If I know the positions and the speeds of each particle in a box over the time, how can I compute the entropy ?
(I`m making a simulation where I want to show that the disperion of the particles over the time increases the entropy.)
preview :
nb: it`s not a shower, particles are free, they are not falling...
video:
http://www.legtux.org/?page=upload&id=6184777976
code :
the code will be released when ready with some videos of real experimentations made. We have differents situations to program, not only the present one.
entropy:
on the suggestion of qftishard I computed the entropy of the simulation presents in the video,
$$S = - k_\mathrm{B} \sum p_i \ln p_i $$
(Gibbs Entropy Formula ?)
nb1: I didn't use gnuplot for years, so I don't remember how to add nice title, etc. I took this screenshot quickly...

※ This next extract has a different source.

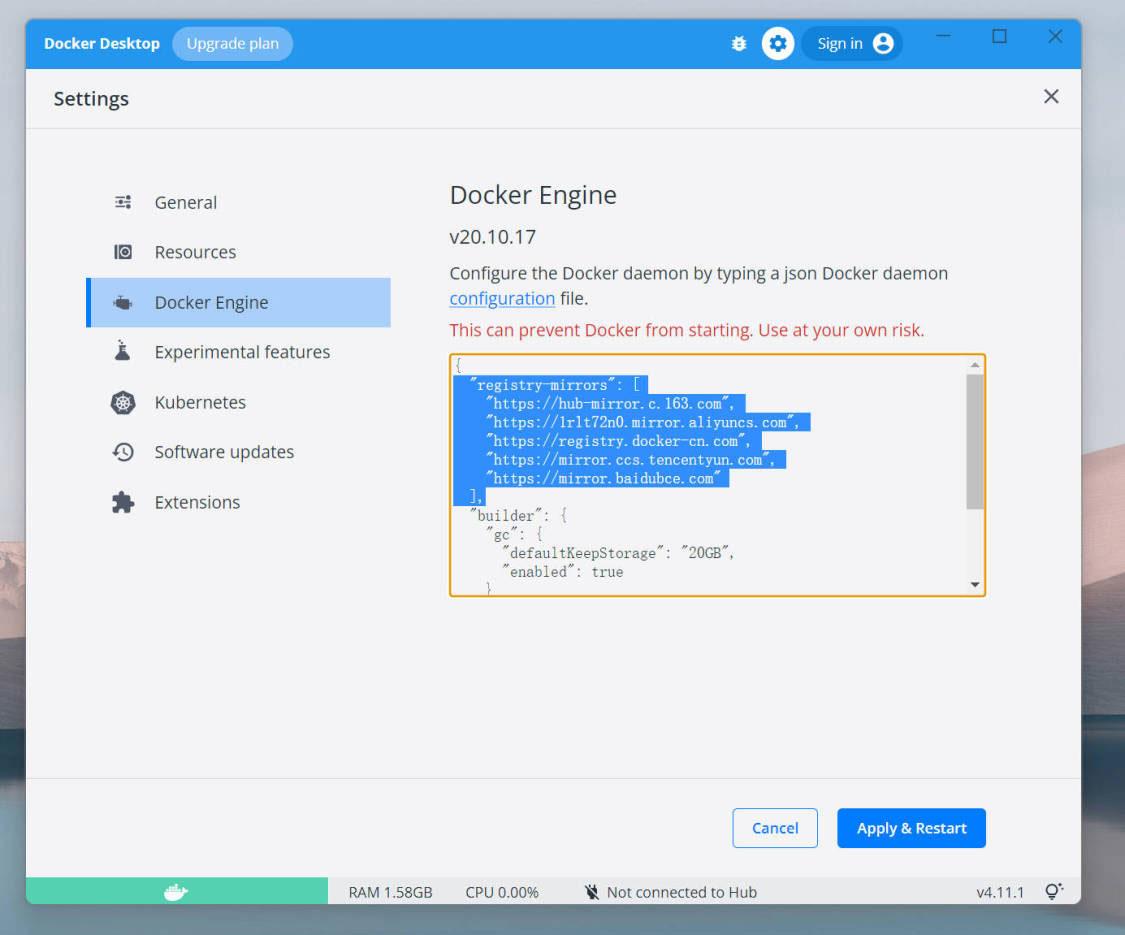 点击右下角的“Apply & Restart”,保存并重启docker。

nb2: I scaled the entropy from 0 to 1 on purpose. But of course I don`t have zero entropy at the beginning of the simulation.

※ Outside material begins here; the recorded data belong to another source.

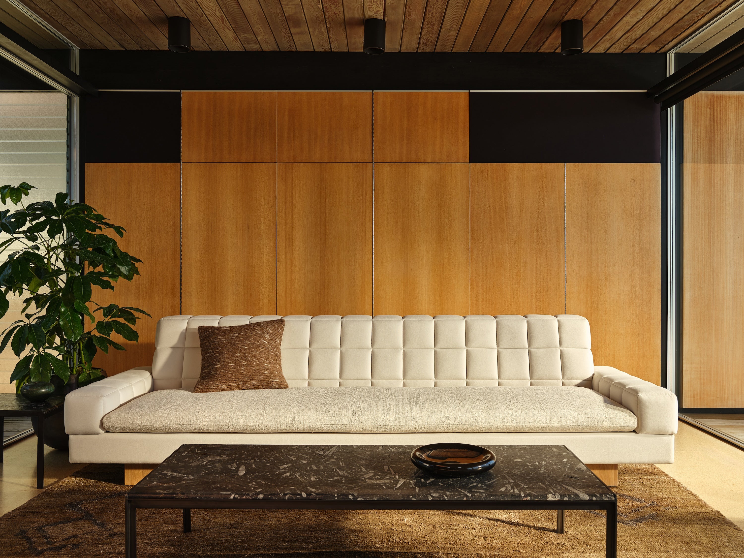 CB2 reunited with musician Lenny Kravitz for a third collaboration, this time blending influences from European modernism and relaxed Malibu style. Available in a palette of warm neutrals, the assortment emphasizes tactile elements through woven leather seating, Danish cord stools, twill upholstery and Breccia marble tables.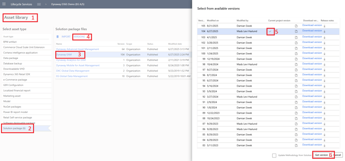 Verify that the version is compatible with the version number of Dynamics 365 for Finance and Operations. - You must manually select the correct version of the solution package. Every time Dynaway publishes an updated version of Dynaway EAM, it is automatically available in the versions list. Please refer to the Release Notes to identify if a version of Dynaway EAM is compatible with a specific version of Dynamics 365 for Finance and Operations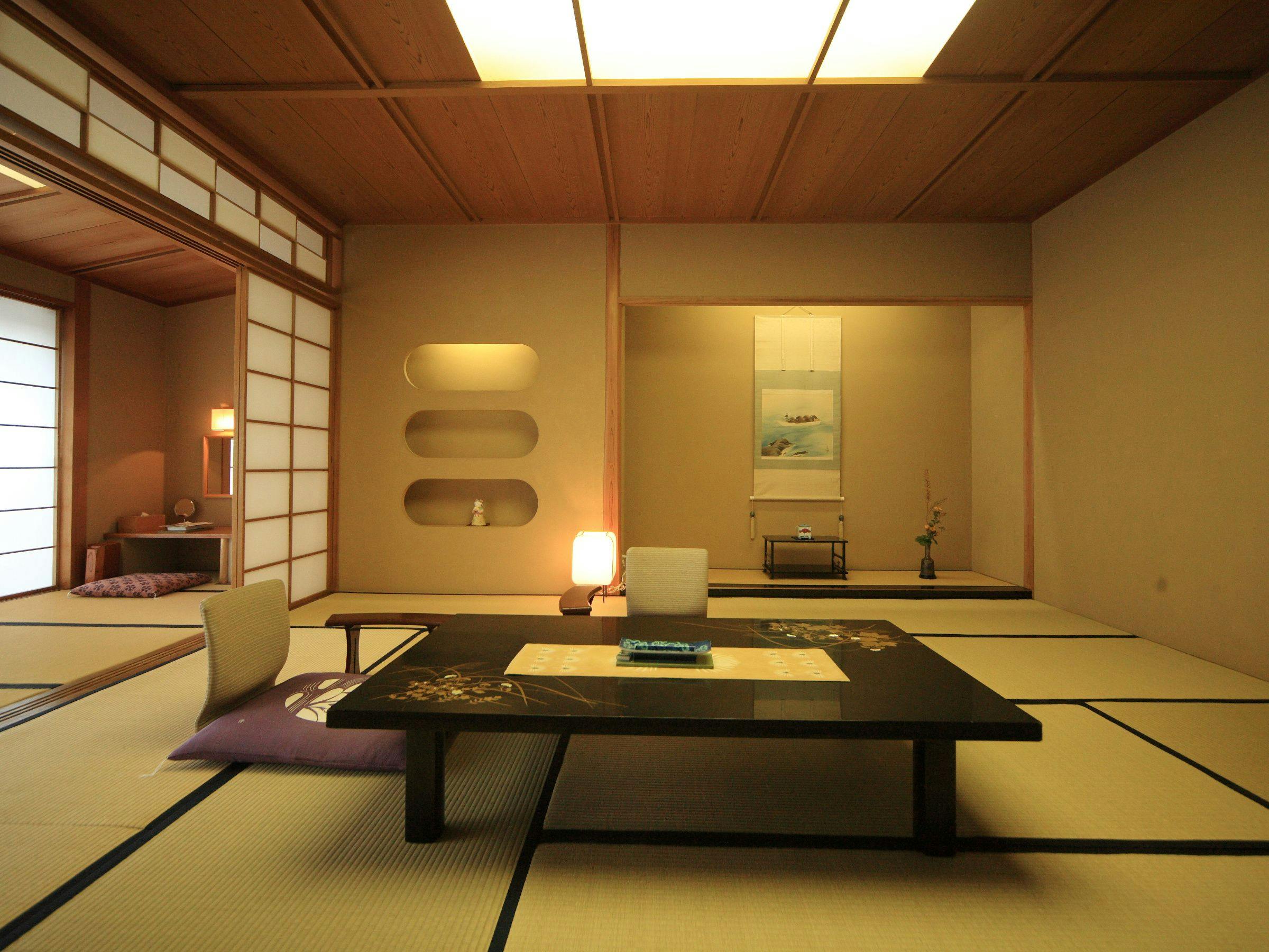 大正屋で最高峰の客室の一つ。広々としたお部屋で特別なひととき本間10畳に次の間8畳の庭園付特別室。次の間は茶室としてご利用いただけます。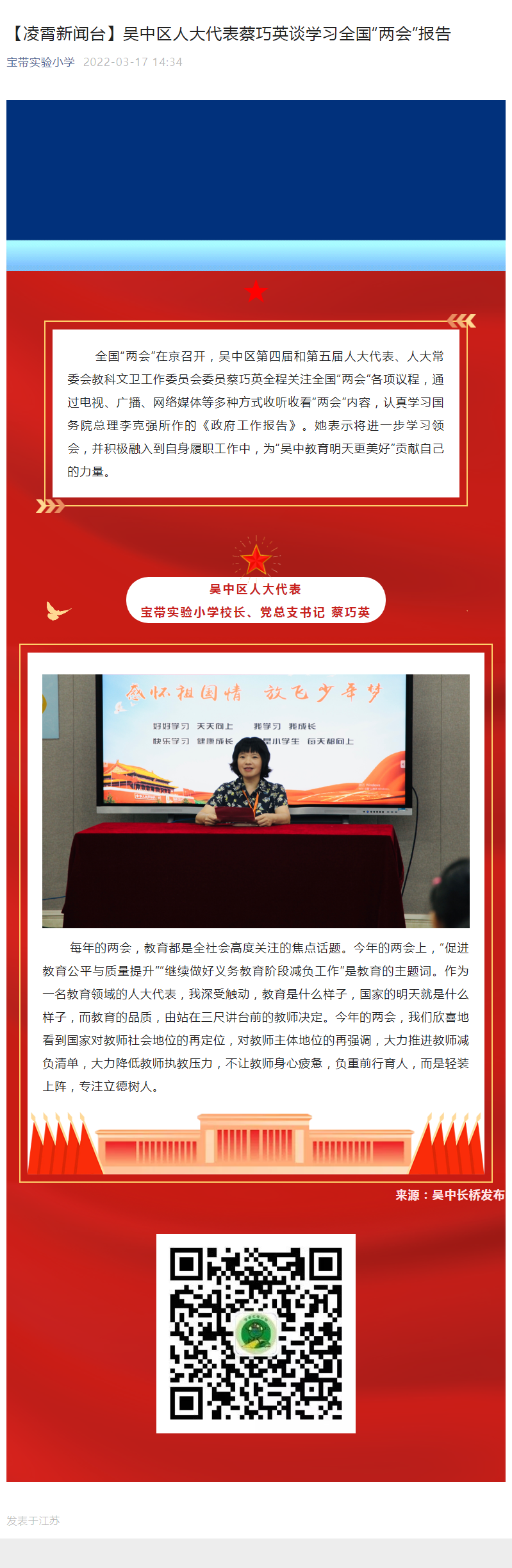 【凌霄新闻台】吴中区人大代表蔡巧英谈学习全国“两会”报告

- we can see that the entropy is lower when the particles are not dispersed.
- we see the maximum of entropy (with some variations) when particles are dipsersed.
- we see that the system never get back, even close, to his initial state.
- we see that the entropy is rising over time to reach a maximum, so we conclude our system respect the second law of thermodynamic.
- so, I consider this simulation succeeded! thx guys.